Pudiera suceder también que la ambivalencia, comprobada en la relación del
sujeto infantil con los padres, dependiera exclusivamente de la bisexualidad,
no siendo desarrollada de la identificación, como antes expusimos, por la
rivalidad.
A
mi juicio, obraremos acertadamente aceptando, en general, y sobre todo en los
neuróticos, la existencia del complejo de Edipo completo. La investigación
psicoanalítica nos muestra que en un gran número de casos desaparece uno de los
componentes de dicho complejo, quedando sólo huellas apenas visibles. Queda así
establecida una serie, en uno de cuyos extremos se halla el complejo de Edipo
normal, positivo, y en el otro, el invertido, negativo, mientras que los
miembros intermedios nos revelan la forma completa de dicho complejo, con
distinta participación de sus dos componentes. En el naufragio del complejo de
Edipo se combinan de tal modo sus cuatro tendencias integrantes, que dan
nacimiento a una identificación con el padre y a una identificación con la
madre. La identificación con el padre conservará el objeto materno del complejo
positivo y sustituirá simultáneamente al objeto paterno del complejo invertido.

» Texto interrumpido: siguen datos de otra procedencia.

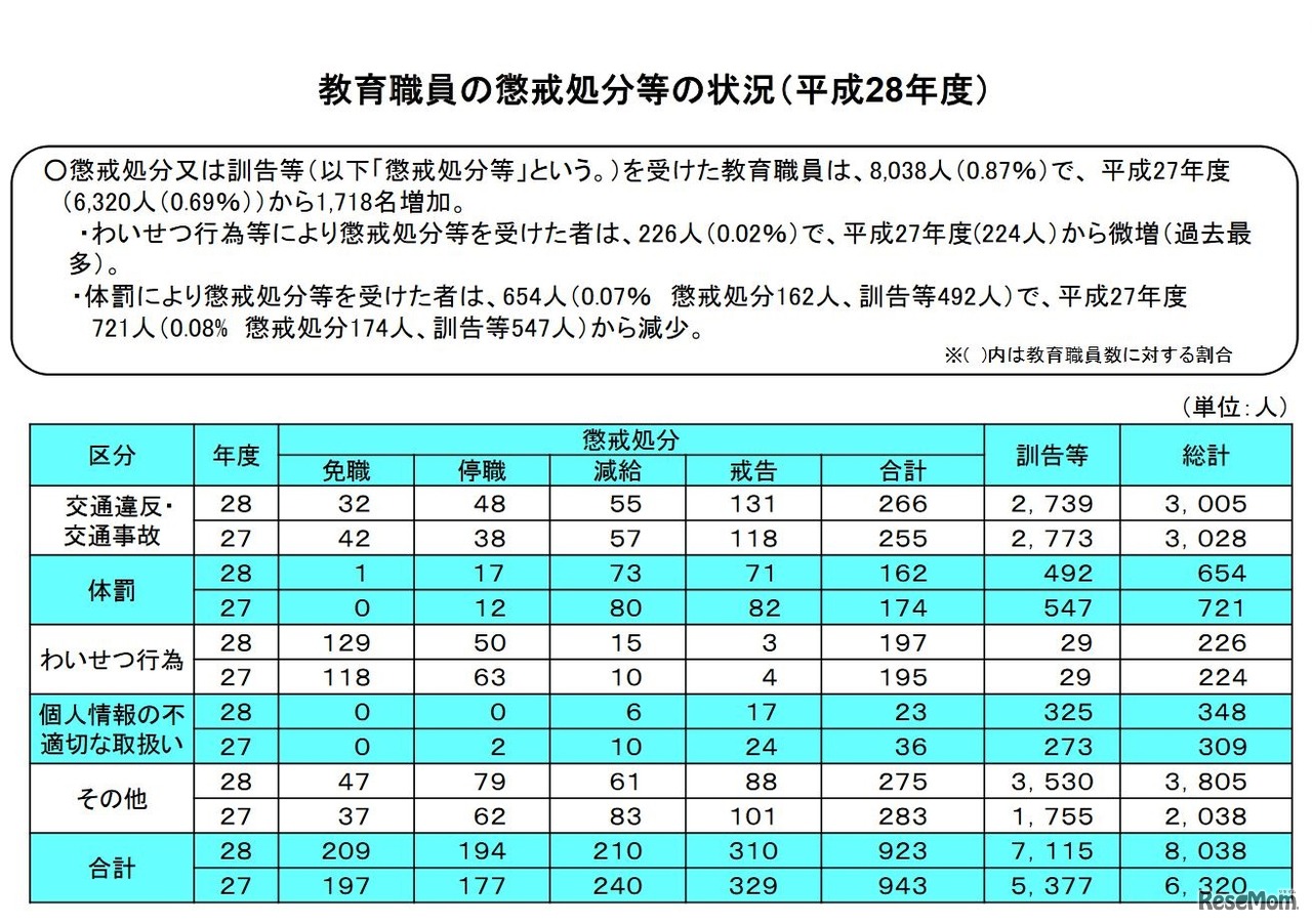 教育職員の懲戒処分等の状況(平成28年度)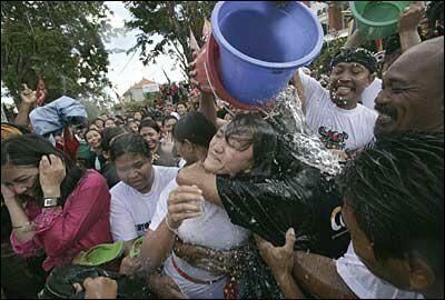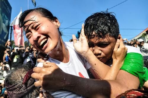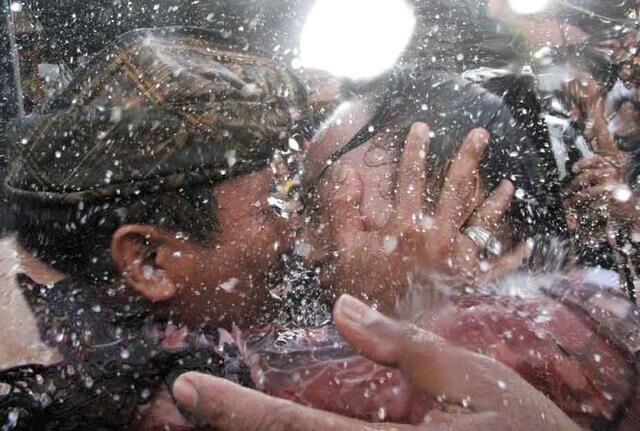 最后来跟大家解析一下为什么要给正在热吻的男女泼水呢?因为呀,印尼还是一个相对保守的国家,人们对于自己的情感表达不会太过外露。但是在这样的节日人们难免会肾上腺素激增,一旦场面太过于激情,牧师就会往他们身上泼水给他们降降温,以防出事儿。后来就不劳牧师出手了,只要是有亲吻的人,周围围观群众都会来泼水帮他们降温。
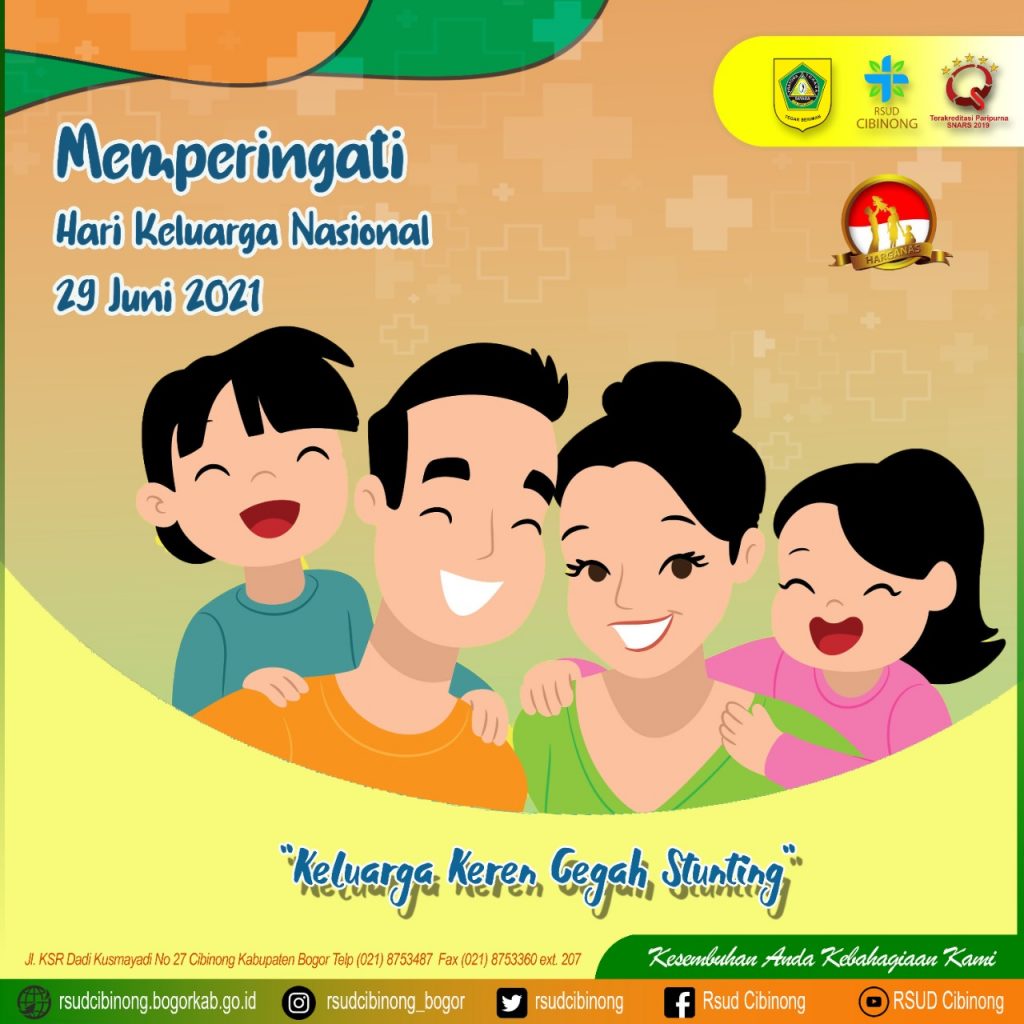 Pada 29 Juni setiap tahunnya selalu diperingati sebagai Hari Keluarga Nasional (Harganas). Pada tahun 2021 ini, Harganas sudah mencapai edisi ke-28 dengan mengambil tema “Keluarga Keren Cegah Stunting” dengan tagar #KeluargaIndonesiacegahstunting yang dapat disemarakkan di media sosial masyarakat Indonesia.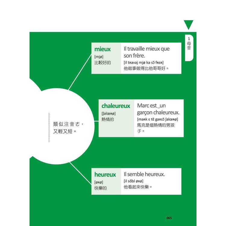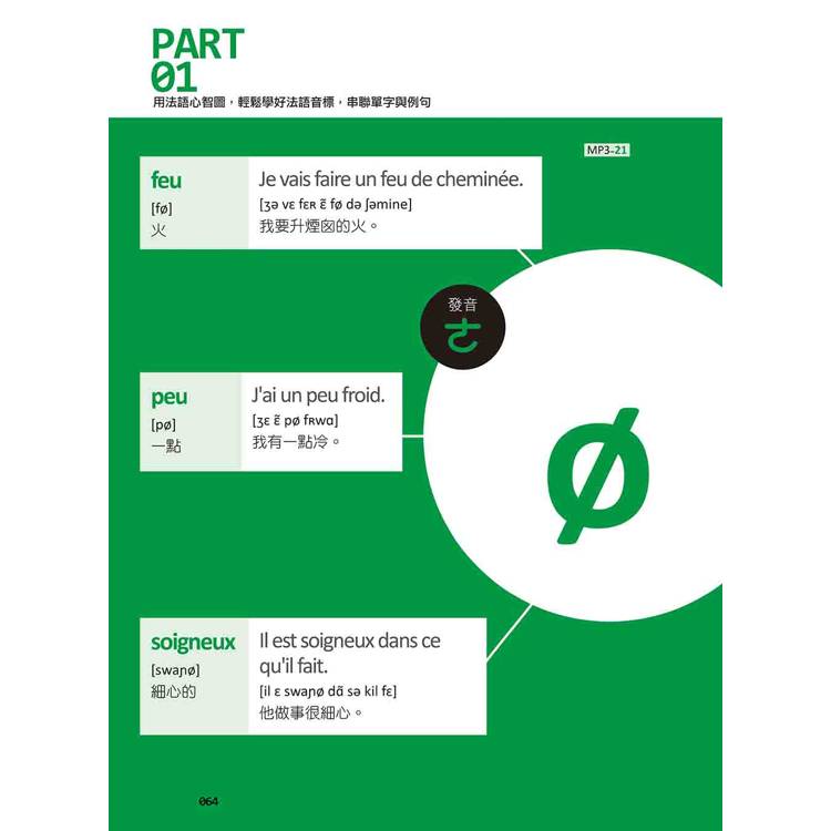 PART01將帶領你由34個音標邁向單字和例句,每個音標都輔以注音或中文發音,且有詳細發音說明,並延伸出6個陽性單字(深色頁面)、6個陰性單字(淺色頁面)、每個單字都有例句。例:從音標[ε]作為起點,接著認識關聯的單字「sel [s?l] 鹽巴」、「baguette [bag?t] 長棍」,最後延伸學習單字的例句「Ce plat manque de sel. [sə pla mɑ̃k də s?l] 這道菜少的點鹽巴。」、「Je sors acheter une baguette de pain. [ʒə s?ʀ a?te yn bag?t də pε̃] 我出門去買一條長棍麵包。」。
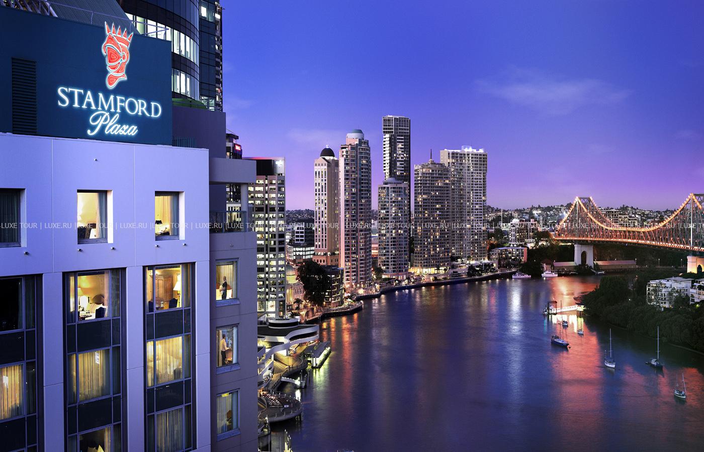 Современный комфортабельный Stamford Plaza, расположенный на живописном берегу реки Брисбен, рядом с ботаническим садом, магазинами, ресторанами, театрами и ночными клубами города, сочетает утонченное великолепие модного дизайна и многообразие услуг. В просторных номерах – стильные интерьеры в светлых тонах, с ковровым покрытием на полах, изящной мебелью, изысканными украшениями и большими панорамными окнами, откуда открывается чудесный вид на реку, город и ботанический сад. В отеле находится Оздоровительный Центр, включающий открытый бассейн с подогревом, джакузи, сауну, тренажерный зал.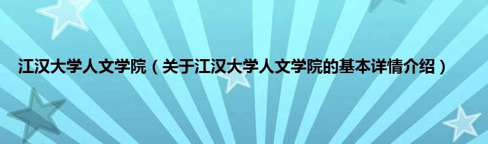 本文关于江汉大学人文学院的基本详情介绍就讲解完毕,希望对大家有所帮助。

Lo mismo sucederá, mutatis mutandis, con la identificación con la madre. En la
distinta intensidad de tales identificaciones se reflejará la desigualdad de
las dos disposiciones sexuales. De este modo podemos admitir como resultado
general de la fase sexual, dominada por el complejo de Edipo, la presencia en
el «yo» de un residuo, consistente en el establecimiento de estas dos
identificaciones enlazadas entre sí. Esta modificación del «yo» conserva su
significación especial y se opone al contenido restante del «yo» en calidad
ideal del «yo» o «superyó».
Pero
el superyó no es simplemente un residuo de las primeras elecciones de objeto
del Ello, sino también una enérgica formación reactiva contra las mismas. Su
relación con el yo no se limita a la advertencia: «Así -como el padre- debes
ser», sino que comprende también la prohibición: «Así -como el padre- no debes
ser: no debes hacer todo lo que él hace, pues hay algo que le está
exclusivamente reservado.» Esta doble faz del ideal del yo depende de su
anterior participación en la represión del complejo de Edipo, e incluso debe su
génesis a tal represión. Este proceso represivo no fue nada sencillo. Habiendo
reconocido en los padres, especialmente en el padre, el obstáculo opuesto a la
realización de los deseos integrados en dicho complejo, tuvo que robustecerse
el yo para llevar a cabo su represión, creando en sí mismo tal obstáculo. La
energía necesaria para ello hubo de tomarla prestada del padre, préstamo que
trae consigo importantísimas consecuencias. El superyó conservará el carácter
del padre, y cuanto mayores fueron la intensidad del complejo de Edipo y la
rapidez de su represión (bajo las influencias de la autoridad, la religión, la
enseñanza y las lecturas), más severamente reinará después sobre el yo como
conciencia moral, o quizá como sentimiento inconsciente de culpabilidad. En
páginas ulteriores expondremos de dónde sospechamos que extrae el superyó la
fuerza necesaria para ejercer tal dominio, o sea, el carácter coercitivo que se
manifiesta como imperativo categórico.
Esta
génesis del superyó constituye el resultado de dos importantísimos factores:
biológico uno y de naturaleza histórica el otro: de la larga indefensión y
dependencia infantil del hombre y de su complejo de Edipo, al que hemos
relacionado ya con la interrupción del desarrollo de la libido por el período
de latencia, o sea, con la división en dos fases de la vida sexual humana. Esta
última particularidad, que creemos específicamente humana, ha sido definida por
una hipótesis psicoanalítica como una herencia correspondiente a la evolución
hacia la cultura impuesta por la época glacial. La génesis del superyó, por su
diferenciación del yo, no es, ciertamente, nada casual, pues representa los
rasgos más importantes del desarrollo individual y de la especie. Creando una
expresión duradera de la influencia de los padres eterniza la existencia de
aquellos momentos a los que la misma debe su origen. Se ha acusado infinitas
veces al psicoanálisis de desatender la parte moral, elevada y suprapersonal
del hombre. Pero este reproche es injusto, tanto desde el punto de vista
histórico como desde el punto de vista metodológico. Lo primero, porque se
olvida que nuestra disciplina adscribió desde el primer momento a las
tendencias morales y estéticas del yo el impulso a la represión. Lo segundo,
porque no se quiere reconocer que la investigación psicoanalítica no podía
aparecer, desde el primer momento, como un sistema filosófico provisto de una
completa y acabada construcción teórica, sino que tenía que abrirse camino paso
a paso por medio de la descomposición analítica de los fenómenos, tanto
normales como anormales, hacia la inteligencia de las complicaciones anímicas.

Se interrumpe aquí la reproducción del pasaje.